(Data extracted from a collection)
== == ==
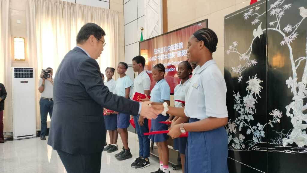 La Embajada de China en Guinea Ecuatorial ha premiado a los 26 mejores estudiantes del Colegio CANIGE Multilingual School; Colegio Nacional Amistad China de Buena Esperanza Ⅰ, y la Escuela la Amistad S&P, con el galardón Embajador de China 2024, reconociendo sus logros académicos, su desarrollo integral y la expectativa de que puedan hacer nuevas contribuciones en el futuro al intercambio y la cooperación entre China y Guinea Ecuatorial.
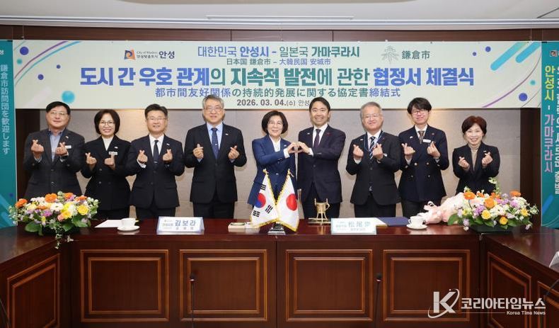 코리아타임뉴스 경기취재본부 | 안성시는 2026년 3월 4일 오전 11시 안성시청 본관 2층 상황실에서 일본 가나가와현 가마쿠라시(시장 마쓰오 다카시)와 '도시 간 우호 관계의 지속적 발전에 대한 협정'을 체결하고 양 도시 간 문화·예술 및 청소년 분야 교류를 본격 추진하기로 했다.
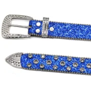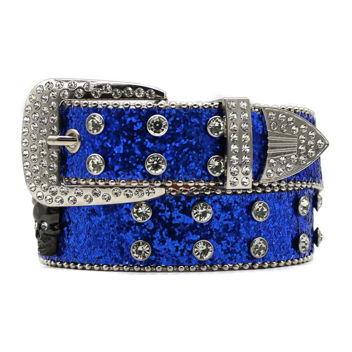 The water diamond belt is made of zinc alloy buckle. A-grade glass diamond. PU material. iron bead chain composition and rivets. purely handmade. directly sold by the manufacturer. and supports customized drawings
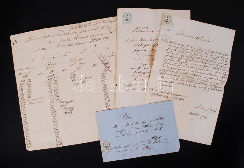 1850-1868 Vegyes iratok (árverési jegyzék, levél városi tanácsnak, törvényszéknek)illetékbélyegekkel.
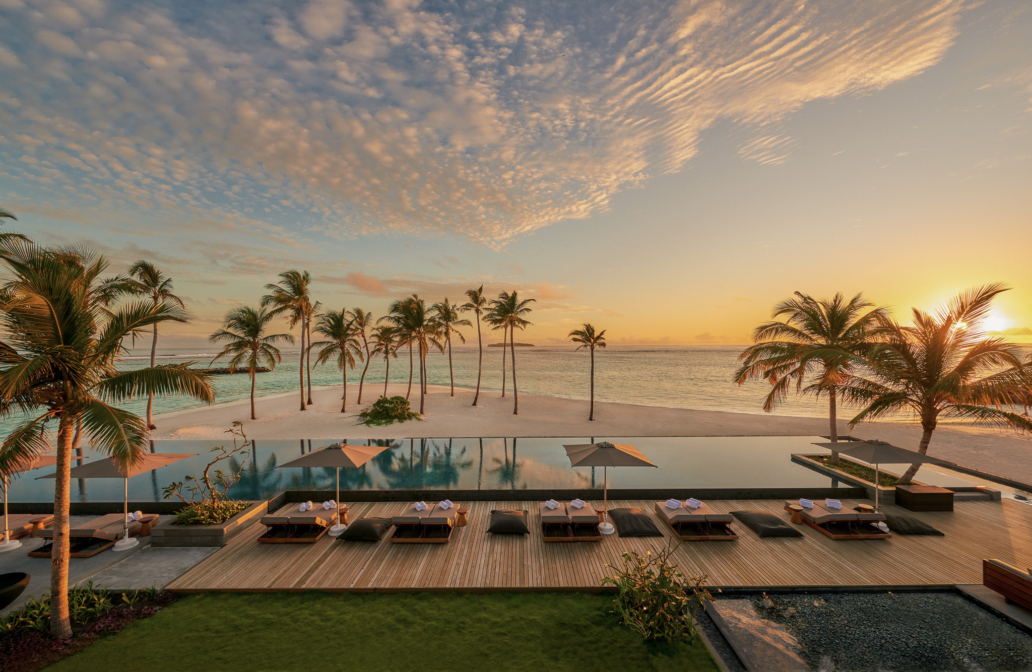 ocean water villas (125 m²), lagoon water villas (125 m²) en sunset water villas (125 m²) met geintegreerde zithoek en mooi terras met dagbed en toegang tot de lagune
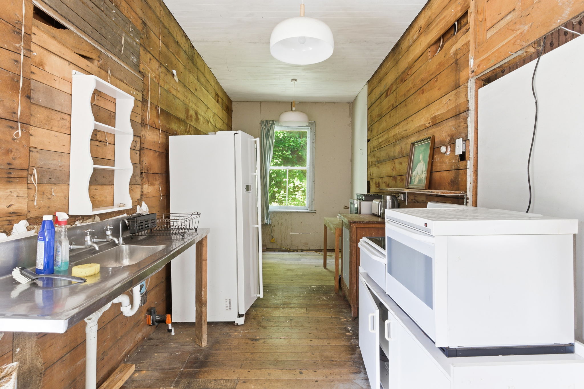 The home currently offers three bedrooms, a spacious open-plan kitchen and living area with a wood burner, and a separate double garage – all positioned on a well-proportioned site bordered by mature greenery for added privacy. While there’s no denying the work required, the rewards are just as undeniable. Whether you’re looking to renovate and restore the character or start fresh with a new vision, this is a location that justifies the effort.
== == ==
• Goal of the exercise: Take the lines above starting at the one containing "코리아타임뉴스 경기취재본부 |" and ending at the one containing "ocean water villas", and print them again exactly, without pictures.

• Exercise answer:
 코리아타임뉴스 경기취재본부 | 안성시는 2026년 3월 4일 오전 11시 안성시청 본관 2층 상황실에서 일본 가나가와현 가마쿠라시(시장 마쓰오 다카시)와 '도시 간 우호 관계의 지속적 발전에 대한 협정'을 체결하고 양 도시 간 문화·예술 및 청소년 분야 교류를 본격 추진하기로 했다.
 The water diamond belt is made of zinc alloy buckle. A-grade glass diamond. PU material. iron bead chain composition and rivets. purely handmade. directly sold by the manufacturer. and supports customized drawings
 1850-1868 Vegyes iratok (árverési jegyzék, levél városi tanácsnak, törvényszéknek)illetékbélyegekkel.
 ocean water villas (125 m²), lagoon water villas (125 m²) en sunset water villas (125 m²) met geintegreerde zithoek en mooi terras met dagbed en toegang tot de lagune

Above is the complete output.